Udo Jürgens liebt heute seine Rolle als Gewissen der Nation. Doch das war er nicht immer. Bevor ihm 1966 mit „Merci Chérie“ der „Grand Prix“-Sieg gelang, lagen ihm die Mädchen am Herzen. Er war der Poet, der Melancholiker, der auch privat nicht gefeit war vor der düsteren Stimmung. Es hat ihn grausam gequält, dass er bis zu seinem Grand-Prix-Erfolg über zehn Jahre lang nur Hohles trällern musste: „Swing am Morgen, Swing am Abend“. Keiner nahm ihn ernst. Das hat ihn verletzt – und geprägt. Genau wie der Umstand, dass er ein kränklicher Junge war, der im Schoß seiner gut bürgerlichen österreichischen Eltern verhätschelt wurde. Heute kennt er selbst nur eine Schwäche – und die liegt da, wo er sich musikalisch so gut auskennt: in der Lie-hi-be.

Udo liebte die Frauen, und die Frauen liebten ihn. Treue sei eben eine Frage der Gelegenheiten. Kein Mann fürs Leben. Seine Ehe mit Fotomodell Panja ging in die Brüche. Zwei Kinder, John und Jenny, zweite Ehe, zwei nichteheliche Töchter. „Ich kann es verstehen, dass die Frauen nicht mehr mit mir zusammen sein konnten“, sagt er. Aber das Wichtige sei, dass es keinen Hass gibt. „Ich verstehe mich mit allen gut. Mit meinen Ex-Frauen und mit meinen Kindern.“ Lange war er überzeugter Single, ist heute aber wieder liiert.

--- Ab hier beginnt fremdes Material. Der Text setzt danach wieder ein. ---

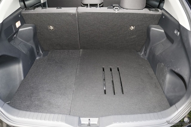 フロアパネルは純正と同じくフラットで高さを抑えた設計。積載性も一切スポイルすることなく、純正と同じ使い勝手を確保する。

Er ist Verfechter der Sterbehilfe

In Interviews redet er jetzt oft über das Alter. Er gibt sich nachdenklich. Er ist Verfechter der Sterbehilfe, hat seine Patientenverfügung gemacht. Freiheit sei nur dann Freiheit, „wenn wir selbst entscheiden können, was wir wollen.“

Aber was redet er da? Sein Album heißt „Mitten im Leben“! Ja, er fühlt sich doch höchstens wie vierzig. Ja, er kann sich doch noch die Kehle aus dem Hals singen. Und das Publikum dankt ihm dafür: Merci, für die Stunden, Chérie.